| Summary | National Percentile | Rank vs Metro |
|---|---|---|
| Housing | 82nd | Best |
| Demographics | 30th | Poor |
| Amenities | 15th | Poor |
Multifamily Valuation
| Property Details | |
|---|---|
| Address | 6700 Woodley Ave, Van Nuys, CA, 91406, US |
| Region / Metro | Van Nuys |
| Year of Construction | 1986 |
| Units | 35 |
| Transaction Date | 2018-04-30 |
| Transaction Price | $8,900,000 |
| Buyer | SILVAN LLC |
| Seller | M G ENTERPRISES LLC |
6700 Woodley Ave Van Nuys Multifamily Investment
Neighborhood occupancy is strong at roughly 96.5%, and a high renter concentration (share of renter-occupied units near 74%) supports a deep tenant base, according to WDSuite’s CRE market data. This positioning points to steady leasing in a submarket where elevated ownership costs tend to sustain multifamily demand.
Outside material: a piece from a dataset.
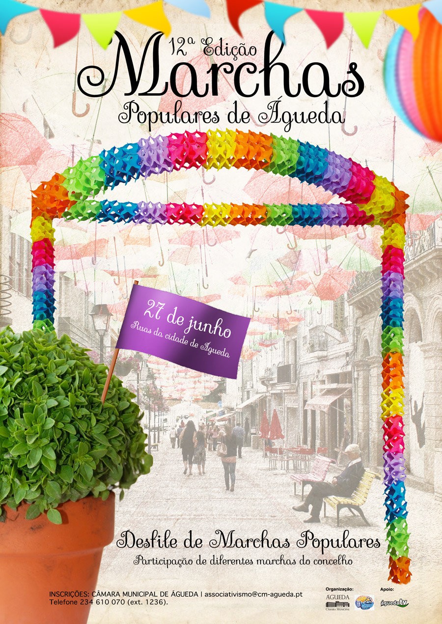área de conteúdos (não partilhada)No dia 27 de junho, sábado, a partir das 21 horas, as Marchas Populares saem à rua para colorir a Baixa da Cidade de Águeda. A Câmara Municipal, em conjunto com a Associação Sol Nascente, promove o tradicional desfile de Marchas Populares.

Positioned in Van Nuys within the Los Angeles metro, the property benefits from neighborhood fundamentals that favor renter demand. Neighborhood occupancy is competitive among Los Angeles-Long Beach-Glendale neighborhoods (ranked 515 of 1,441; top quintile nationally), which supports income stability for multifamily assets at this address. The neighborhood’s renter concentration (renter-occupied share) is very high relative to the nation, indicating a broad tenant pool for a 35-unit community.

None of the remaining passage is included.